#### [EXERCISE DETAILS]
Beneath this instruction is a block of data; output from it exactly the lines that run from the one containing "방학식 못 가서 F 받게 생긴 새내기" through the one containing "A halo of glimmering", inclusive.

#### [SOURCE DATA]
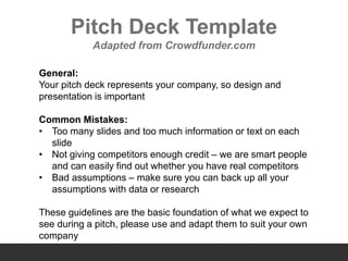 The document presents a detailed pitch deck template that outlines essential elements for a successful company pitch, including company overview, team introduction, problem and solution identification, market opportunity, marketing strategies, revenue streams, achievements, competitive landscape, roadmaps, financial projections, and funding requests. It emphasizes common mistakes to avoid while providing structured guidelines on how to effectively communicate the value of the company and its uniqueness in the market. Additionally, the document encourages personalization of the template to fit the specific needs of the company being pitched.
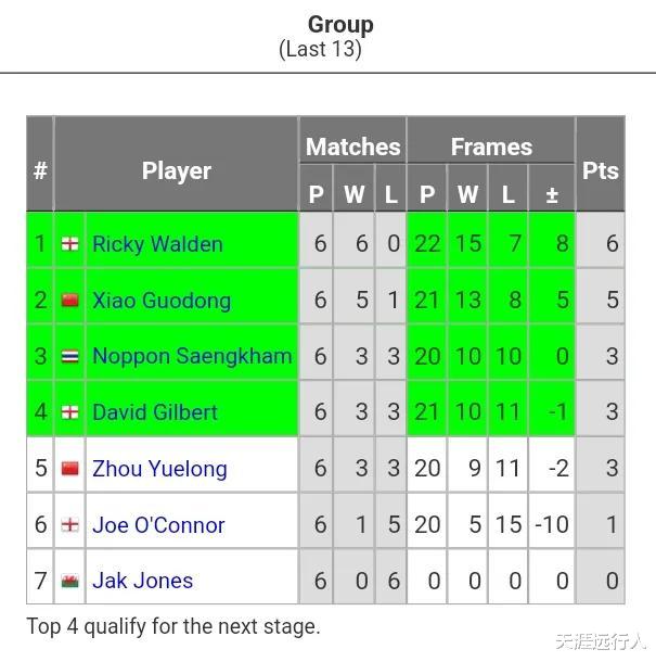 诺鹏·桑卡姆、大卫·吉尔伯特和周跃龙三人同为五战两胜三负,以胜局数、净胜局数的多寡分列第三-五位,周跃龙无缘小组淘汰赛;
* * *
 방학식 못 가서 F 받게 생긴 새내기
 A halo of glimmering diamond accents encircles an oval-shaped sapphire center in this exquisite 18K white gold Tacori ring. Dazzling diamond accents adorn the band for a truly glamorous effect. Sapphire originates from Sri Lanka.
...
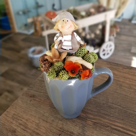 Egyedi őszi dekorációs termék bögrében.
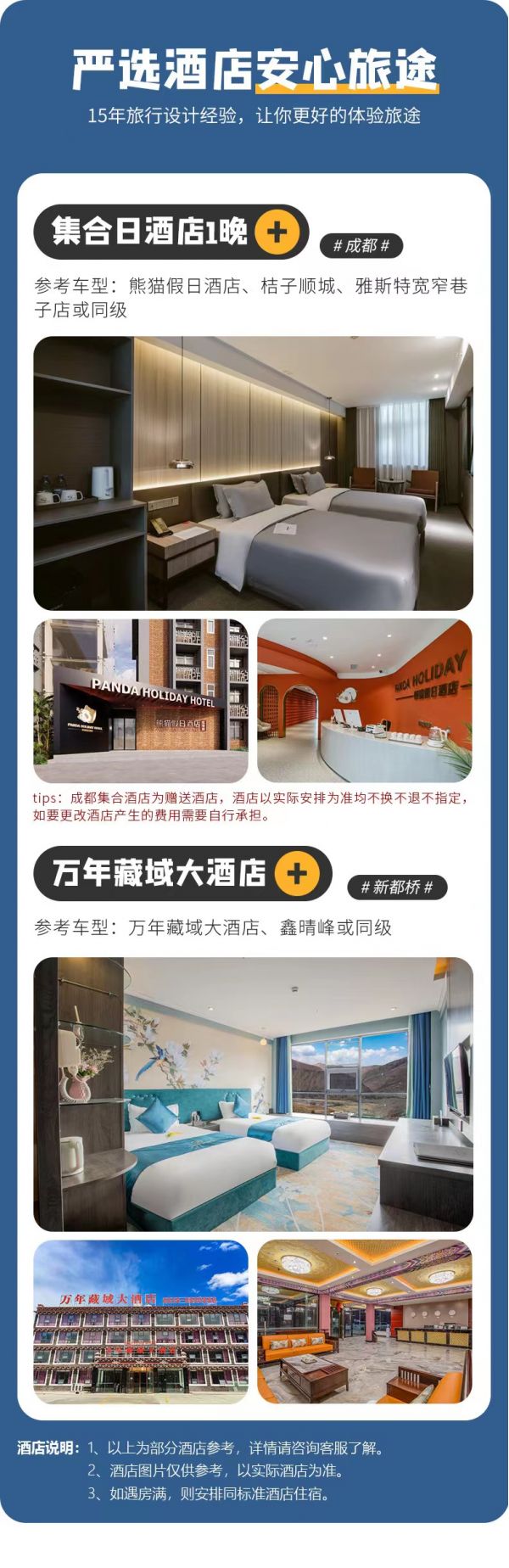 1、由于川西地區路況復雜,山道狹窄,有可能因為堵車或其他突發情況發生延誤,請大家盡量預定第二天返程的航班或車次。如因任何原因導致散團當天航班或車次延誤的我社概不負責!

#### [ANSWER BOX]
 방학식 못 가서 F 받게 생긴 새내기
 A halo of glimmering diamond accents encircles an oval-shaped sapphire center in this exquisite 18K white gold Tacori ring. Dazzling diamond accents adorn the band for a truly glamorous effect. Sapphire originates from Sri Lanka.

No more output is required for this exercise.